Tan Jinzhuang

Personal information
- Born: 27 January 2003 (age 23) Kaijiang County, Dazhou, China

Sport
- Sport: Field hockey
- Position: Defender
- Club: Sichuan

Youth career
- Years: Team
- 2015–?: Dazhou Sports School

Senior career
- Years: Team / Caps / Goals
- –: Sichuan / - / -

National team
- Years: Team / Caps / Goals
- 2022–: China / 30 / (1)

Medal record
Women's field hockey
Representing China
Olympic Games
| Silver medal – second place | 2024 Paris | Team |
Asia Cup
| Gold medal – first place | 2025 Hangzhou |  |
Asian Champions Trophy
| Silver medal – second place | 2024 Rajgir |  |
Junior Asia Cup
| Silver medal – second place | 2024 Muscat |  |

= Tan Jinzhuang =

Chinese field hockey player (born 2003)

Tan Jinzhuang (born 27 January 2003) is a Chinese field hockey player. She competed at the 2024 Summer Olympics and won a silver medal.

==Biography==
Tan Jinzhuang was born on 27 January 2003 in Kaijiang County, Dazhou, China. She attended Yifu Primary School in Dachuan, Dazhou. In 2015, at the age of 12, she began her field hockey career at Dazhou Sports School. In 2018, she was a member of the team representing Dazhou No. 1 Middle School that competed at the 13th Sichuan Provincial Games. She competed at the 2nd Youth Games in 2019, helping her team place second, and in 2021, she competed at the 14th National Games representing Shaanxi, with her team placing sixth.
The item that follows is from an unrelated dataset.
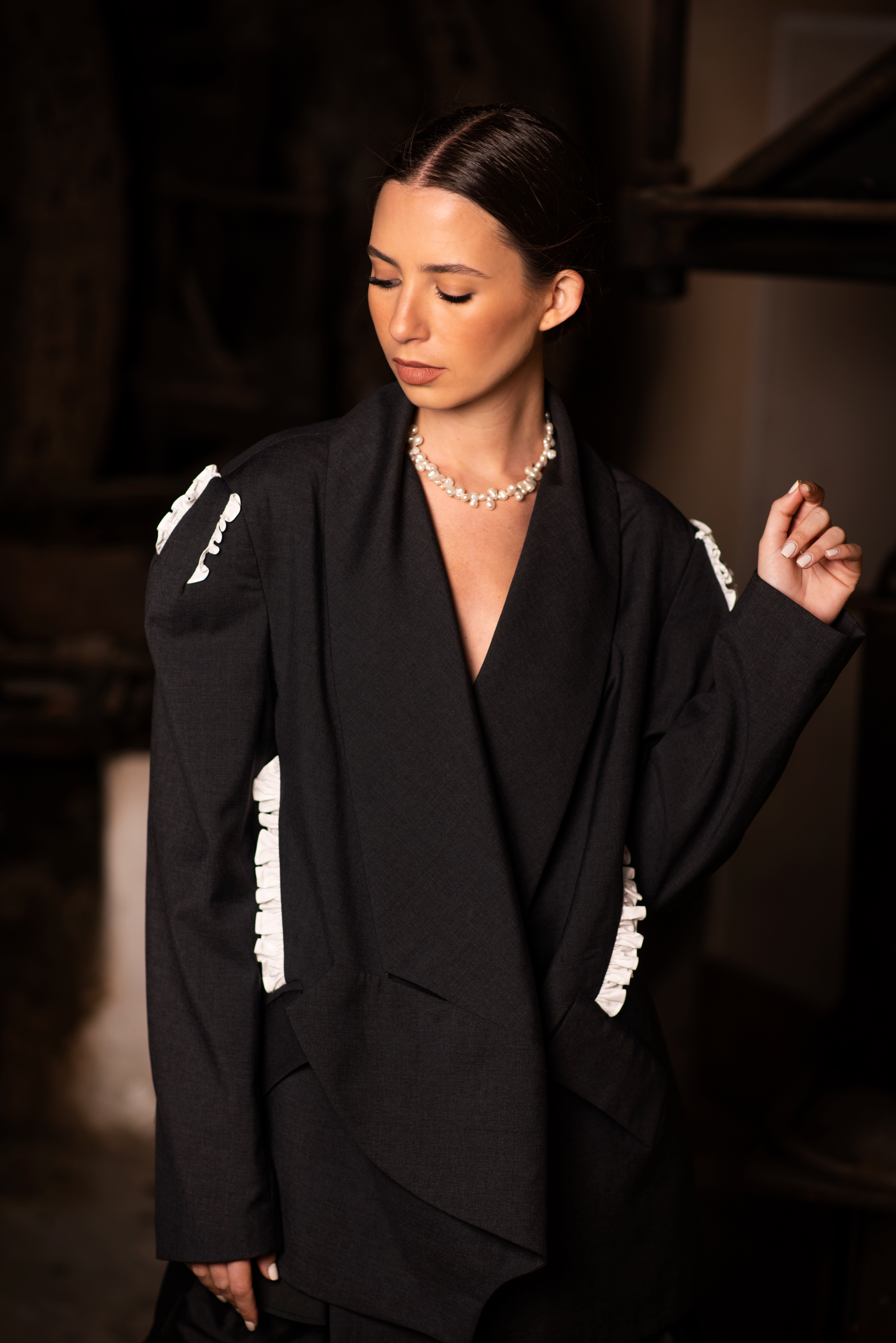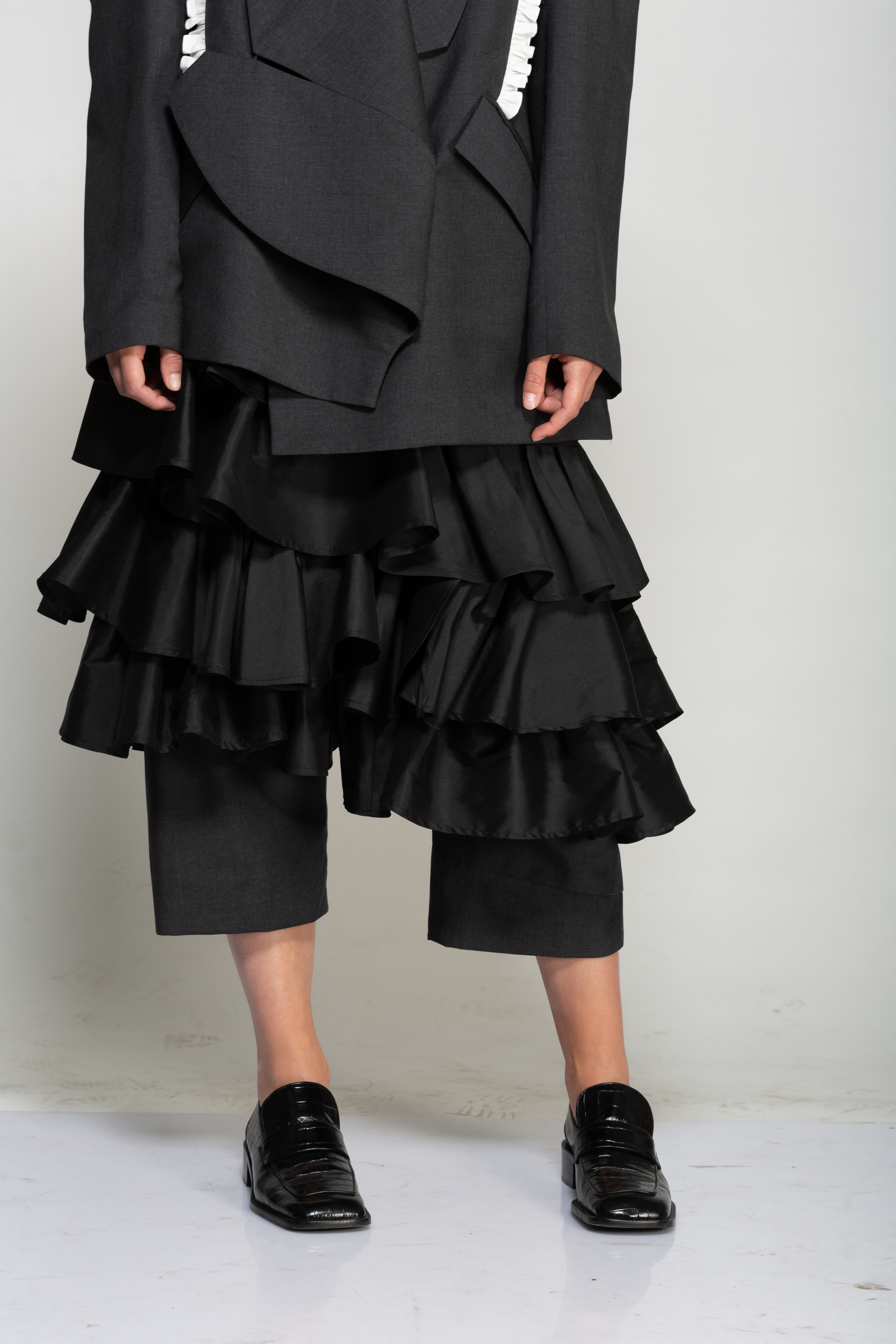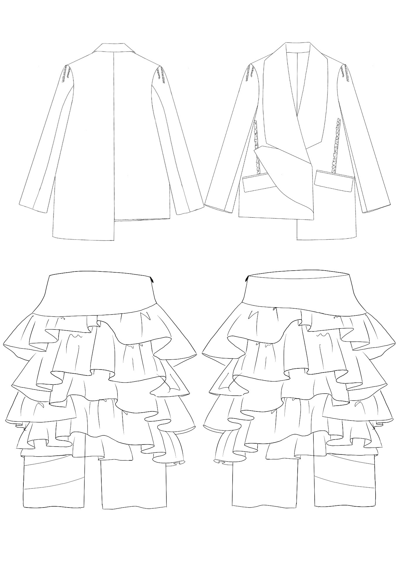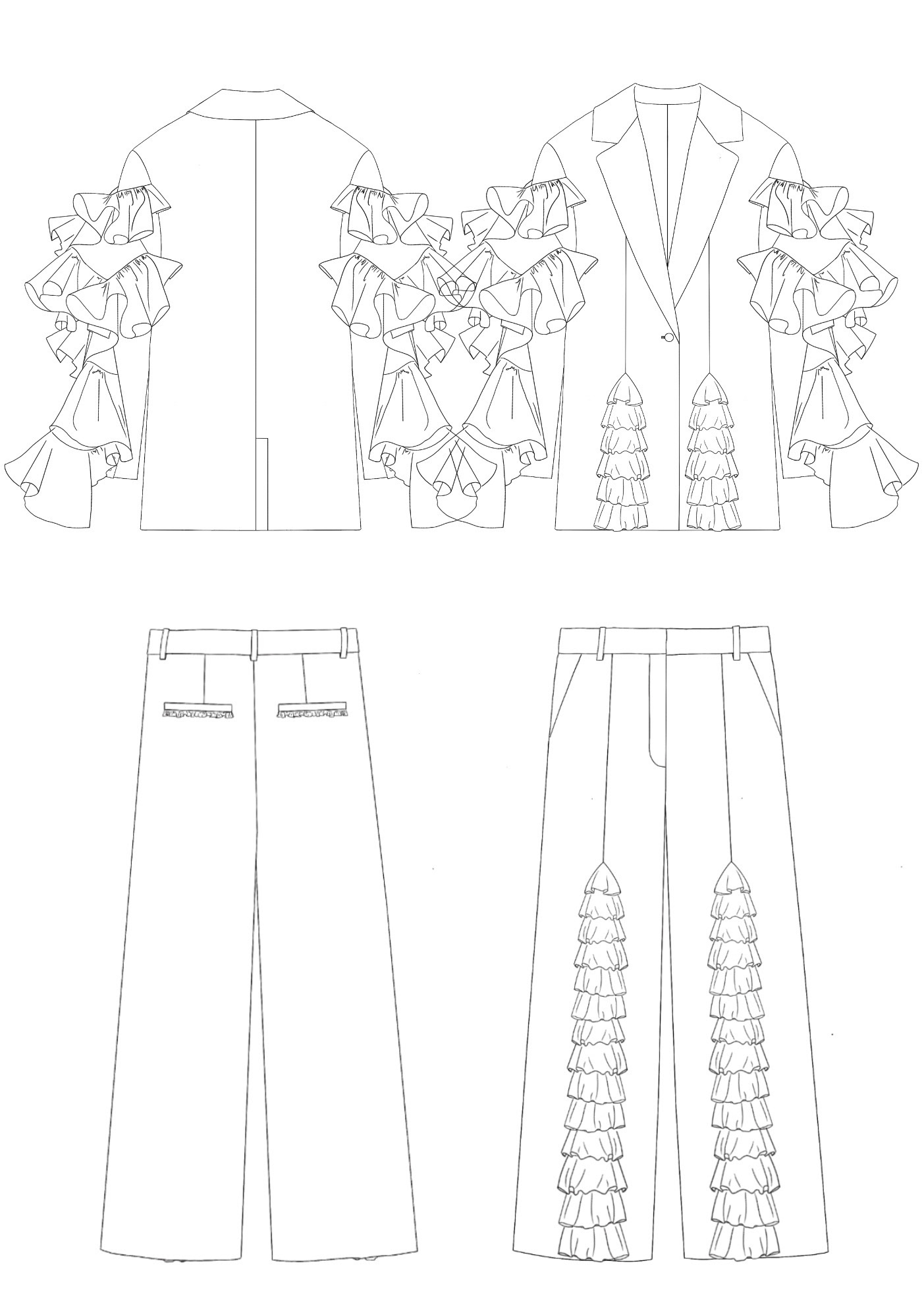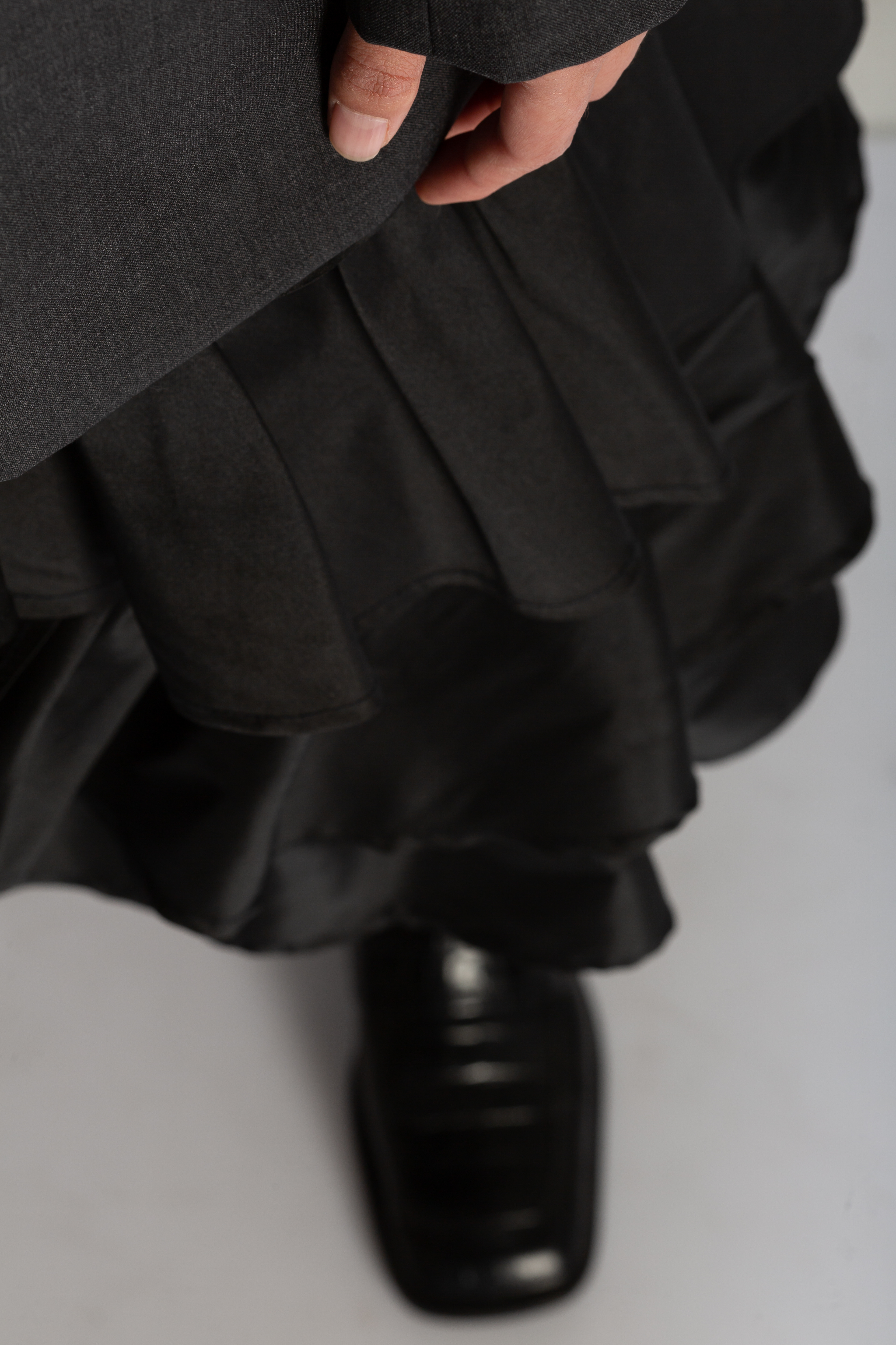 The intricate designs, unique textures, and bold patterns of Flamenco dresses were truly mesmerizing.Ā I drew inspiration from the construction and interpretation that Balenciaga gave to the folds in the flamenco dress, which added a beautiful and dramatic element to the costume, while also referring to theĀ "Sola" dance, which is a solo performance that showcases the skill and artistry of the dancer. I used cuts that were sewn in rotation, valances, and the color black to create a sense of drama and movement in my design.Ā

Tan competes for the Sichuan club. In November 2022, she was a member of teams winning both the National Women's Field Hockey Championship and the National Youth Women's Hockey Championship. Later that month, she was called up to the China women's national field hockey team for the first time. Tan led her club to a repeat national championship in 2023. She also competed internationally for China at the 2023 Asian Games and the 2023 world championships.

Tan was selected to compete for China at the 2024 Summer Olympics. She helped the team reach the finals with a 4–3 win over Belgium in the semifinals. In the finals, China played against the Netherlands and ended with a 3–1 loss, thus receiving the silver medal. By October 2024, she had appeared for the national team a total of 30 times, with one goal scored.